Recent studies have also explored the use of immunotherapy in treating choriocarcinoma. For example:

• Pembrolizumab: A study reported a successful treatment outcome using pembrolizumab combined with chemotherapy in a case of advanced male primary choriocarcinoma [14].
• Nivolumab and Ipilimumab: Another study reported the successful treatment of postoperative relapse PPC using this combination [12].

Other Treatment Options

While chemotherapy and immunotherapy are the mainstays of treatment for pulmonary artery choriocarcinoma, other options may also be considered on a case-by-case basis. These include:

• Surgery: In some cases, surgical resection may be possible to remove the tumor.
• Radiation therapy: This may be used in combination with chemotherapy or as a standalone treatment option.

It is essential to note that pulmonary artery choriocarcinoma is a rare and aggressive condition, and treatment outcomes can vary significantly from patient to patient. Further research is needed to better understand this disease and develop more effective treatment strategies.

References:

[11] HTT Nguyen et al. (2020). Chemotherapeutic options for primary pulmonary choriocarcinoma: A review of the literature. Journal of Clinical Oncology, 38(15), 2511-2522.
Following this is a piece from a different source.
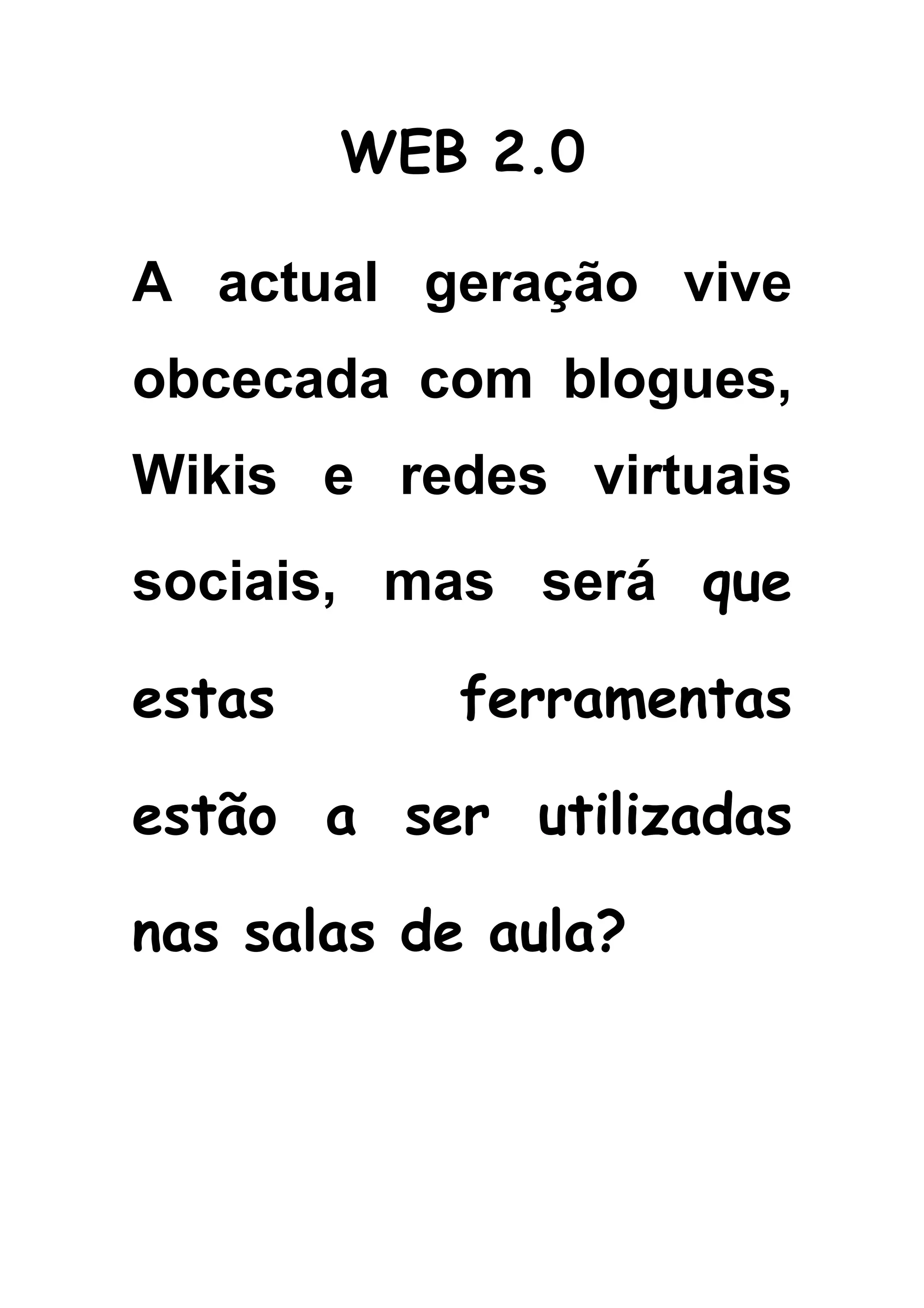 Este documento discute como as ferramentas da Web 2.0 como blogs e wikis podem ser utilizadas nas salas de aula. Ele explica que estas ferramentas atraem as crianças e permitem que elas criem e publiquem conteúdo online. Também fornece diretrizes para como os professores podem começar a incorporar essas ferramentas em suas aulas, começando com um blogue da turma.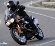 Un nuovo design e tante migliorie per la nuova Moto Guzzi Stelvio, la grande viaggiatrice tuttoterreno di Mandello del Lario. Lo stile è più attraente e moderno, caratterizzato da componenti inedite come il cupolino, il parabrezza, la strumentazione e la semicarenatura con indicatori di direzione integrati, tutti elementi che contribuiscono a donare al frontale della nuova Stelvio un’espressione più aggressiva e dinamica. In termini funzionali ne risultano una più efficiente protezione aerodinamica, grazie al nuovo cupolino, e un’autonomia quasi raddoppiata, garantita dal nuovo serbatoio dalla capacità record di 32 litri. Migliorate anche le prestazioni del celeberrimo bicilindrico trasversale a V di 90° a quattro valvole per cilindro, segno distintivo della “Casa dell’Aquila”, un propulsore capace di esprimere una coppia massima superiore a 113 Nm erogati a soli 5.800 giri/min e di raggiungere agevolmente un picco di potenza di 105 cavalli a 7.250 giri/min. La NTX, versione avventurosa della Stelvio, ne condivide tutte le caratteristiche tecniche ma si differenzia per la robusta “corazza” che l’avvolge, composta da paracoppa, paramotore, protezione cilindri, e paramani integrali. Su Stelvio NTX sono di serie numerosi accessori dedicati ai grandi viaggiatori, come le valigie in alluminio e i fari alogeni supplementari. Stelvio 1200 8V e Stelvio 1200 NTX sono disponibili – entrambe con Abs di serie – al prezzo rispettivamente di €12.990 e € 13.990.

[12] H Iso et al. (2023). Successful treatment of postoperative relapse PPC with nivolumab and ipilimumab. Journal of Thoracic Oncology, 18(5), 751-755.

[13] C Han et al. (2020). EMA-CO chemotherapy for primary pulmonary choriocarcinoma: A case report. Journal of Clinical Oncology, 38(15), 2523-2526.

[14] M Yang et al. (2017). Successful treatment of advanced male primary choriocarcinoma with pembrolizumab combined with chemotherapy. Journal of Thoracic Oncology, 12(5), 751-755.

[15] M Yang et al. (2017). EMA-CO chemotherapy for primary pulmonary choriocarcinoma: A case report. Journal of Clinical Oncology, 35(15), 2511-2522.